Every line of the listing below is to be repeated exactly; the pictures stay out.
Start of Available data
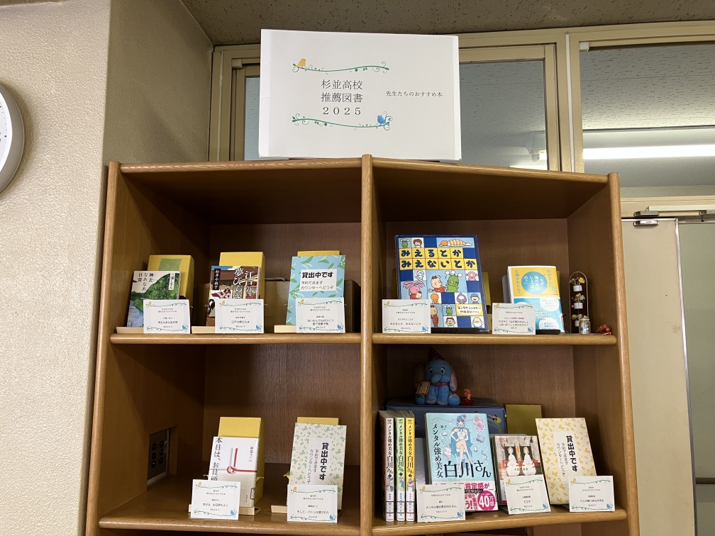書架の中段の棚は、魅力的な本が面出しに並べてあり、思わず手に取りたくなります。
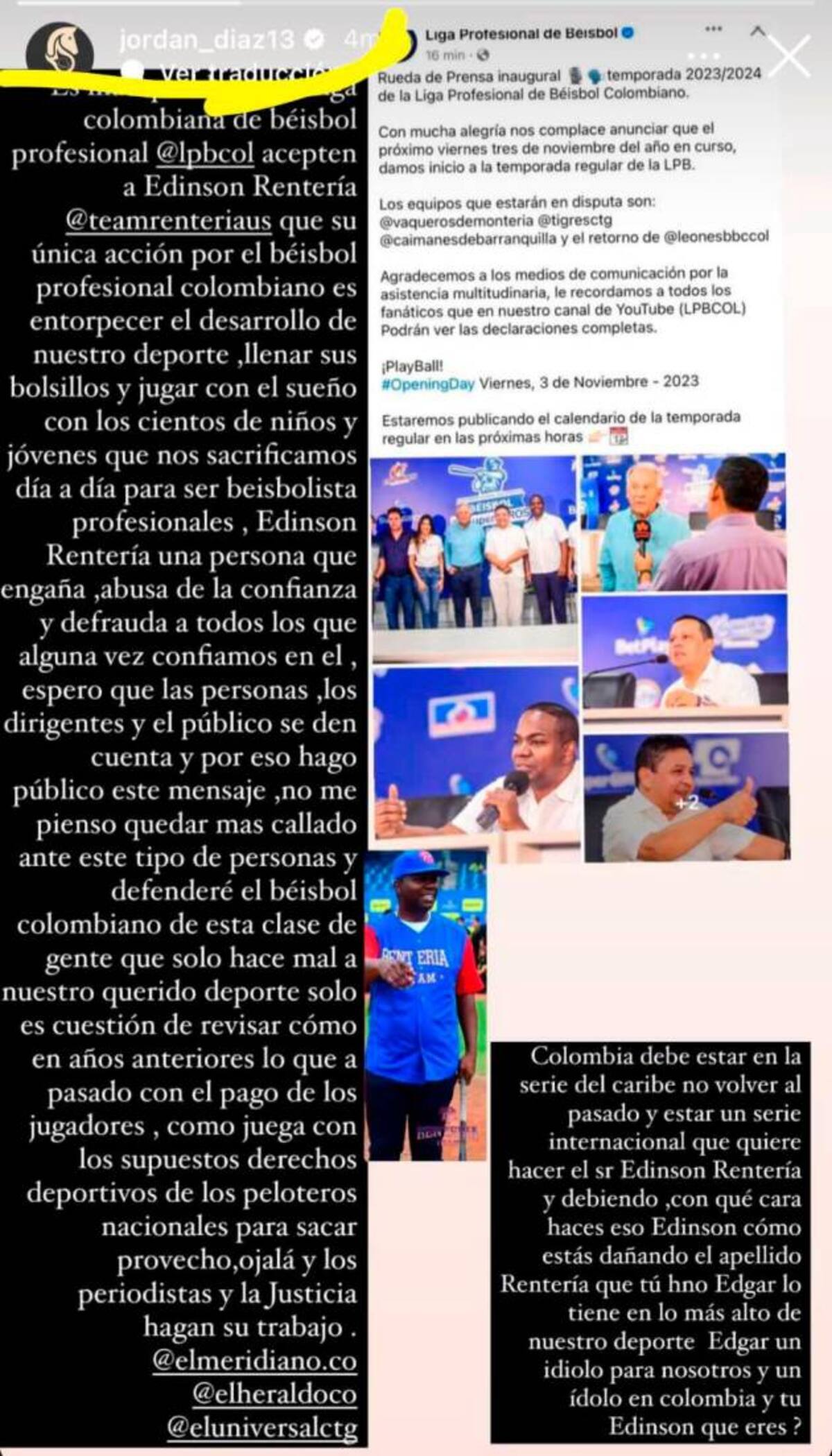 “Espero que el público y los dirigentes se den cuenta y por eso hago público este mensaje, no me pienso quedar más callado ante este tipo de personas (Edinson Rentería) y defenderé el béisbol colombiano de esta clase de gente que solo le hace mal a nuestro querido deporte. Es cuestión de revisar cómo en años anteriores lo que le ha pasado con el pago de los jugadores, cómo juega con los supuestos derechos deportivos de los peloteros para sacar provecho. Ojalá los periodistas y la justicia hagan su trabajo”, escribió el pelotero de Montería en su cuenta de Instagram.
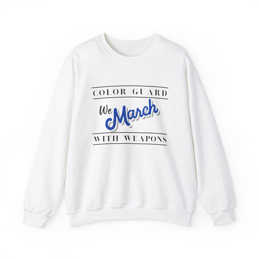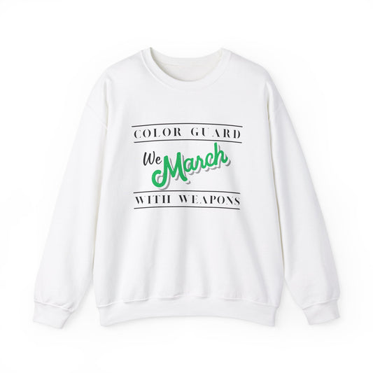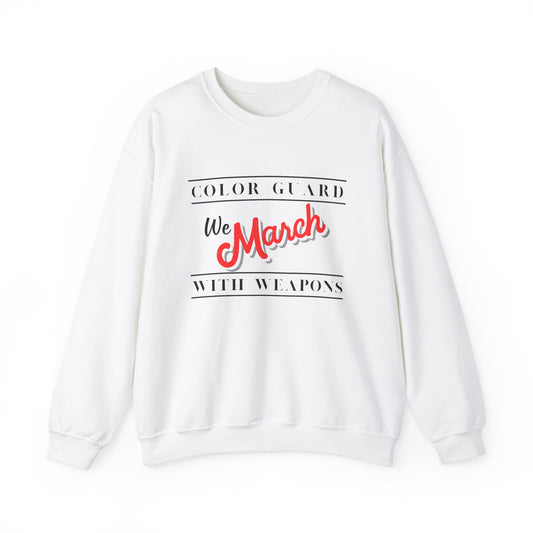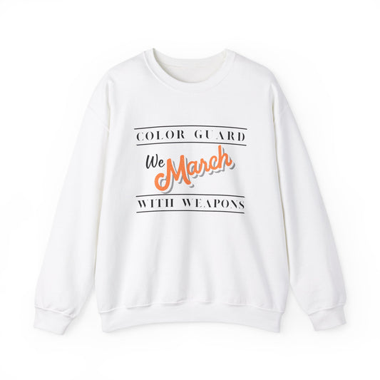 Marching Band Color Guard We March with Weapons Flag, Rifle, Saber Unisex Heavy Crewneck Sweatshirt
End of Available data
→ **Written answer**:
書架の中段の棚は、魅力的な本が面出しに並べてあり、思わず手に取りたくなります。
 “Espero que el público y los dirigentes se den cuenta y por eso hago público este mensaje, no me pienso quedar más callado ante este tipo de personas (Edinson Rentería) y defenderé el béisbol colombiano de esta clase de gente que solo le hace mal a nuestro querido deporte. Es cuestión de revisar cómo en años anteriores lo que le ha pasado con el pago de los jugadores, cómo juega con los supuestos derechos deportivos de los peloteros para sacar provecho. Ojalá los periodistas y la justicia hagan su trabajo”, escribió el pelotero de Montería en su cuenta de Instagram.
 Marching Band Color Guard We March with Weapons Flag, Rifle, Saber Unisex Heavy Crewneck Sweatshirt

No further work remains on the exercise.